Beijing is going after scam mills that operate out of secretive, dystopian compounds and swindle people worldwide
4 min
It’s called “pig butchering.”
Armies of scammers operating from lawless corners of Southeast Asia—often controlled by Chinese crime bosses—connect with people all over the world through online messages. They foster elaborate, sometimes romantic, relationships, and then coax their targets into making bogus investments. Over time, they make it appear that the investments are growing to get victims to send more money. Then, they disappear.
In recent months, China has unleashed its most aggressive effort to crack down on the proliferation of the scam mills, reaching beyond its territory and netting thousands of people in mass arrests. Its main target is a notorious stretch of its border with Myanmar controlled by narcotics traffickers and warlords.
For decades, frontier fiefdoms such as those in Myanmar have been havens for gambling and trafficking of everything from drugs to wildlife to people. Now, they are dens for pig-butchering operations.
The scammers operate out of secretive, dystopian compounds, many of which are run by Chinese fugitives who fled their country to places where it was easier to flout the law. They cheat Chinese citizens out of billions of dollars each year, as well as victims across the globe. The U.S. Treasury Department in September warned Americans about the scams.
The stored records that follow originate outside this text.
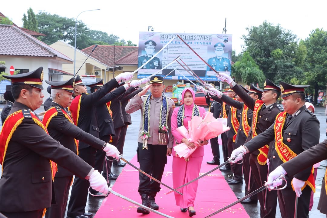 Kapolres baru, AKBP Hadi Kristanto, tiba bersama Ketua Bhayangkari dan disambut hangat oleh Wakapolres Jepara, Kompol Edy Sutrisno, beserta ibu. Mereka mendapat kalungan bunga sebagai tanda penghormatan. Saat memasuki gerbang Mako Polres Jepara, rombongan melewati formasi Pedang Pora yang spektakuler: deretan personel berbaris memanjang membentuk gapura pedang yang dihunus di atas kepala.
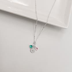 Colar entremeio círculo pingentes flor, zircônias rosa e acqua corrente cadeadinho 40+5cm | Mya Prata
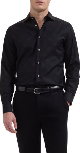 Crisp stretch cotton offers breathable comfort in this trim button-up shirt with a curved hem that looks smart tucked or untucked. Thoughtful touches like mother‑of‑pearl buttons and mitered cuffs that convert to accommodate cuff links complete the polished look.

In addition to remote hillside towns in Myanmar, these heavily guarded enclaves are also found in gambling hubs such as Cambodia’s Sihanoukville and Poipet. Cambodian authorities have carried out sporadic raids with China’s help, but the problem has persisted.
For Beijing, it is a significant source of embarrassment that Chinese criminals are at the centre of scams ensnaring people the world over, said Jason Tower, Myanmar country director for the United States Institute of Peace, an independent research organisation founded by the U.S. Congress that specialises in conflict mitigation.
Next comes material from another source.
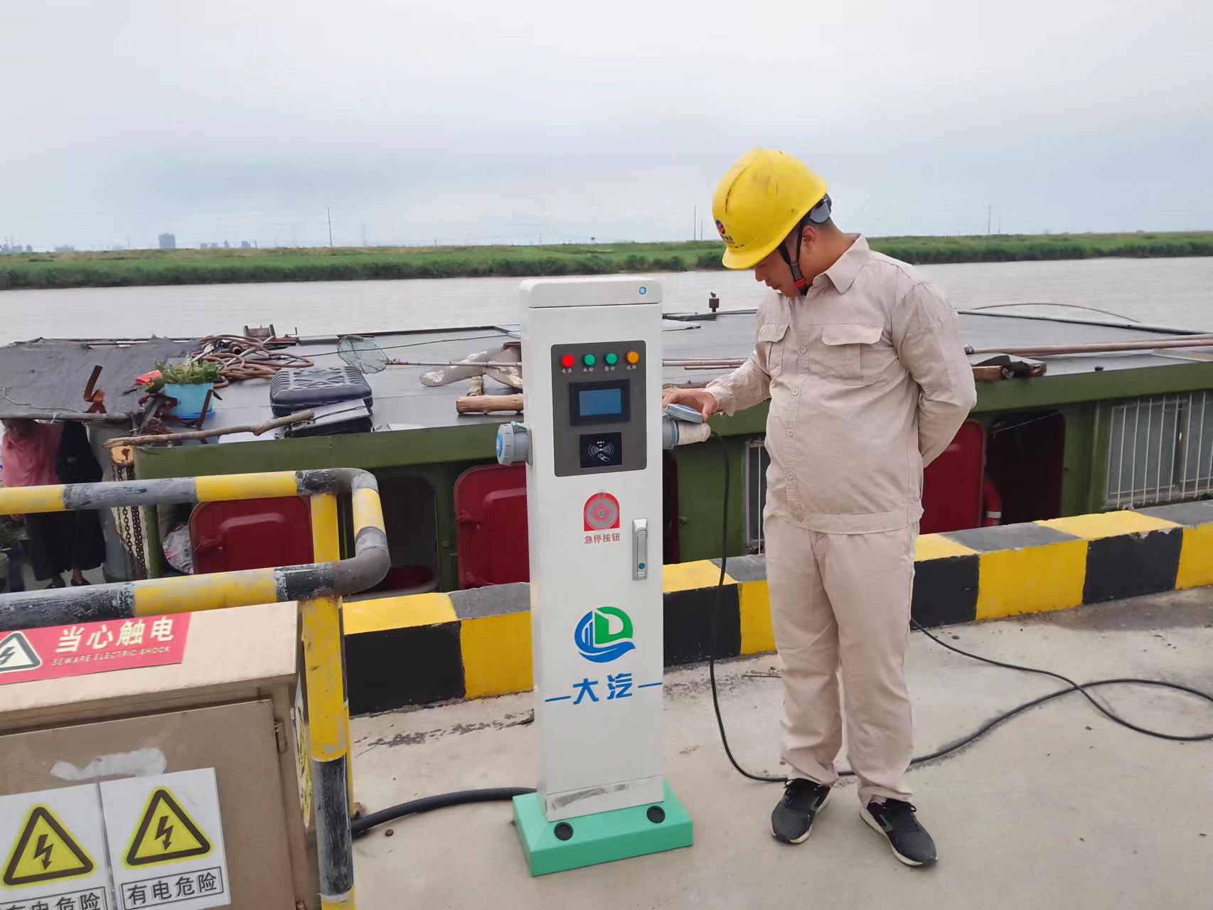 為了方便船只用上綠色環(huán)保電,宵洋物流公司在岸電基礎(chǔ)上進(jìn)行升級(jí)改造,投資4萬(wàn)余元,安裝5個(gè)岸電配電系統(tǒng),以替代柴油發(fā)電,從而降低船只??繒r(shí)間,消耗廢氣排放和嗓聲污染,每個(gè)電樁上帖有操作說(shuō)明書(shū)和注意事項(xiàng)等溫馨提示。接上專(zhuān)用電源,插入岸電接口,掃碼啟動(dòng)即可使用,安全高效,降低安全隱患。

China is “quite sensitive to the narratives that could potentially emerge,” he said. “These are largely Chinese crime groups which China, for years, did very little to check.”
The operations flourished during the Covid-19 pandemic when border trade stopped and internet use surged. They have also fuelled a human-trafficking crisis.
Many of the scammers entrapping people are themselves victims of human trafficking, lured abroad by fake job ads and held captive by withholding pay and passports. The United Nations human-rights office says more than 120,000 people may be forced to work as scammers in Myanmar, with another 100,000 in Cambodia.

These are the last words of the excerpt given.